We Will Always Miss Helen the Cat

Helen, 2013.  She’s the queen of lounging!

Helen, our 18-year-old tortoiseshell, died last week.  It has been hard on me, harder than any other pet’s death.  Helen and I were like bonded cats at the pound.  We did everything together: played string, read books (sometimes aloud), watched birds, had elevenses, watched six seasons of The Americans, prepared dinner (hers came in a can), napped, and listened to music.  She was fond of “You’re so Vain” (Carly Simon), “Year of the Cat” (Al Stewart), and “Mellow Yellow (Donovan).  Cats like simple songs.

As she got older, she spent most of her waking hours sitting with me (or on top of me) as I reclined and read.  She carefully marked the books by rubbing against the corners.   She was fond of books, because I’d read poetry to her as a kitten.  She enjoyed Edward Lear’s “The Jumblies:  “Far and few, far and few,/Are the lands where the Jumblies live…”

She didn’t meow, she chirped.  It was so sweet.  She was also a survivalist:  she liked to hop in the tub and lick the faucet. And she had a strong will.  She dominated the household.  She was a  fascinating person!  She ignored other cats, but they followed her around the house.

I had so much fun with her.  But In the last few years she had health problems and surgeries. She lost too much weight, shed clumps of fur, her kidneys were failing.  All the problems of aging cats.

I miss her.

Helen forever!

In Helen’s honor, I have translated and adapted the Roman poet Martial’s poem on the death of a pet dog, Issa.  In the first line, Martial refers to  Catullus’s famous poem about the dead pet sparrow of his girlfriend, Lesbia.

I have substituted the name Helen for Issa.

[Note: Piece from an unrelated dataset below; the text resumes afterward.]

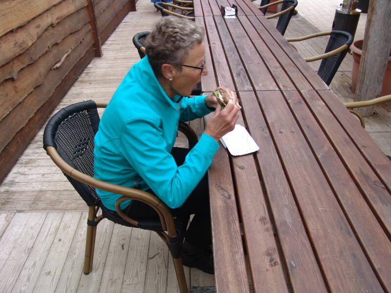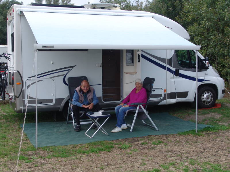 We gaan eerst een broodje eten en even na 13.00 uur arriveerden Hans en Willy vullen hun camper eerst met water en nemen plaats naast ons op de camperplaats. We hebben ze meer dan een jaar niet gezien en er was dan ook heel wat om bij de praten. Het begon te regenen en we draaiden de luifel uit zo dat we toch nog gezellig met elkaar konden praten.

My adapted translation of Martial, Epigrams, I.109

Helen is more mischievous than Catullus’s sparrow,
Helen is purer than the kiss of a dove,
Helen is lovelier than all the maidens,
Helen is more precious than Indian stones,
Helen the cat is my darling.
If she meows, you will think she speaks;
She feels both sadness and joy.
Resting in my lap she stretches and snatches sleep
so that no breath is sensed.
In order that the last light may not wholly steal her,
I am painting a picture
In which you will see a cat so like Helen
That she herself is not more like herself.
Compare Helen with her picture
And you will think each one is real,
Or you will think each one is painted.

Floor mosaic in ancient Rome, with cat and two ducks.